Le vieux chef, le Casinite sadique, la jeune femme colérique. L'ancien esclave griphélien, la sorcière de mort, le noble hautain et son serviteur, la secrétaire frustrée. Trois de plus, arrivés la veille. Tous des monstres.

Seul Albérich Megrall lui démontrait un semblant de compassion, mais Sam savait que c'était un leurre. Il avait reconnu son nom, son visage, une fois l'impossible assimilé, mais pas le Flamboyant et conseiller d'autrefois. Juste un simulacre, un mensonge de plus.

Quand la magicienne avait eu besoin d'un sacrifice, l'ancien Valgrian ne l'avait pas protégé. À sa décharge, il l'avait prévenu : cuisiner pour les cultistes ne changerait rien à son destin, s'il était de mourir sous une lame. Petite lueur dans les ténèbres, la jeune femme l'avait définitivement écarté de ses maléfices : son sang hybride ne convenait pas à leurs noirs desseins.

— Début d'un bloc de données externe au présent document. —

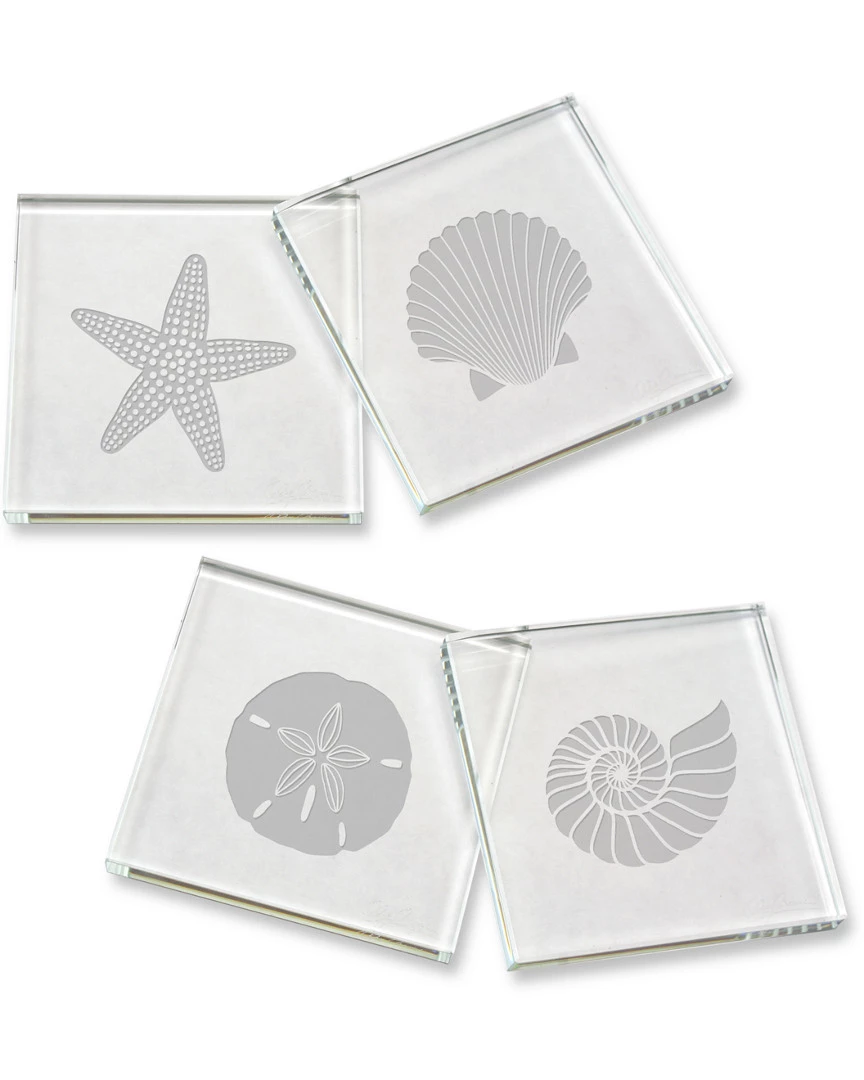 Susquehanna Glass 3.75in Seashore Set Of 4 Coasters Home Bar Carts & Accessories

Renvoyé à ses casseroles, une fois de plus, tandis que d'autres donnaient leur vie.

Un autre leurre. Les Obscurs ne l'épargneraient que s'il se rendait indispensable. On appréciait sa diligence et ses talents aux fourneaux. On appréciait beaucoup moins son angoisse, qu'il ne parvenait pas à juguler. Dire qu'il s'était cru vétéran de guerre ! La belle blague ! Mais cette peur, qu'il affichait sans lutter, constituait en réalité un bouclier utile. Tant qu'on l'imaginait pétrifié de terreur, on ne songerait pas au danger qu'il pouvait constituer. Il fallait juste qu'il parvienne à matérialiser cette menace, qu'il trouve la force de lutter. En attendant, à l'abri de sa cellule, il priait Mivei que Brendan Devlin vienne le sauver.

Les sauver tous.

À côté des cultistes, il avait tenté de compter les otages, ses alliés potentiels. Personne n'avait vraiment cherché à lui dissimuler leur nombre et leur existence, comme s'il faisait partie des meubles.

Une novice béalite, une novice et une prêtresse mivéannes.

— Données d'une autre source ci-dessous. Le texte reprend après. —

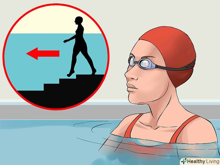 Намагайтеся повільно занурюватися в воду до тих пір, поки дістаєте ногами дно. Голова знаходиться над водою.
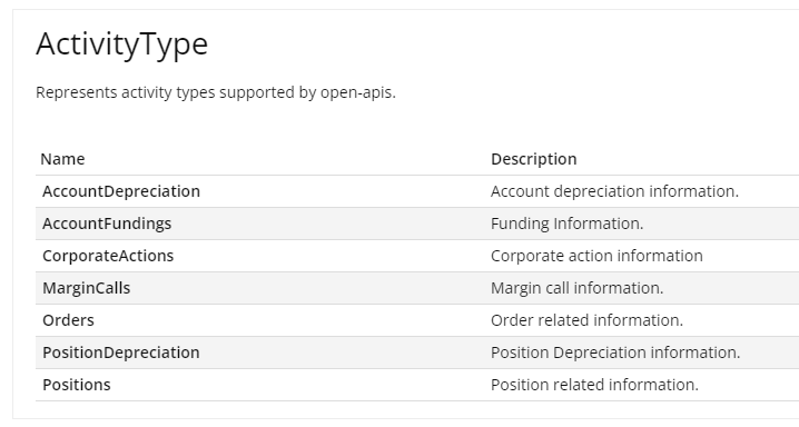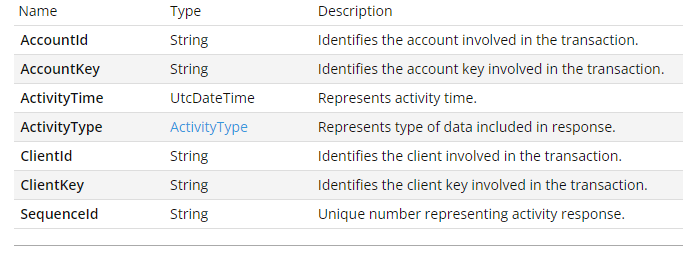 When setting up the subscription the caller must specify which type of activities or events they want to receive information about. Currently four types of events are supported, the contents of each is described further below.
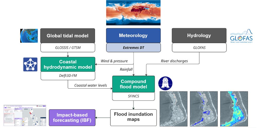 Figure 2 Compound flood forecasting and early warning workflow for Philippines pilot service
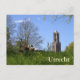 Photo of two people sitting on a bench in a park in Utrecht (the Netherlands), with a view of the Dom church tower.

Soren, victime du Casinite, qu'il n'avait jamais vu, seulement entendu.

Un certain Marcus. Peut-être l'intendant du Temple de Valgrian, Sam ne connaissait personne d'autre portant ce nom, mais Juvélys était grande. Un second Valgrian avait été assassiné par la sorcière.

Six, donc, mais combien de taille à se battre ?

Sans doute aucun.


— Viens, bâtard.

La voix claquante d'Ensio le fit lâcher sa poêle dans un cri. Le terme injurieux était purement descriptif, pour l'Obscur. Il en usait sans jamais y mettre d'insulte.

— Prends un seau, un balai et un sac.

Sam obtempéra dans l'instant, abandonnant sa vaisselle à plus tard. Il avait dû improviser un gueuleton aux petites heures, quand les conjurés étaient rentrés de leurs activités nocturnes. À présent, la plupart d'entre eux dormiraient sans doute pendant un certain temps et Ensio était probablement le seul réveillé. Les rythmes sous terre étaient bouleversés. Sam supposait qu'ils étaient le matin, mais n'en était pas complètement certain. Il essayait de grappiller le sommeil quand il le pouvait car chacun semblait faire à sa guise. Il déduisait le moment de la journée de ce qu'ils exigeaient dans leurs assiettes : gruau, ragoût, omelette, viande en sauce ou légumes rôtis.

Il suivit le Casinite dans le couloir, bardé de son matériel de nettoyage, jusqu'à une porte semblable à toutes les autres. Ensio s'immobilisa.

— Je vais emmener Marcus faire un tour. Nettoie sa cellule en notre absence. Nous en aurons pour une petite heure, ça te laisse de la marge. Si tu termines avant notre retour... tu sais où te rendre, bien sûr.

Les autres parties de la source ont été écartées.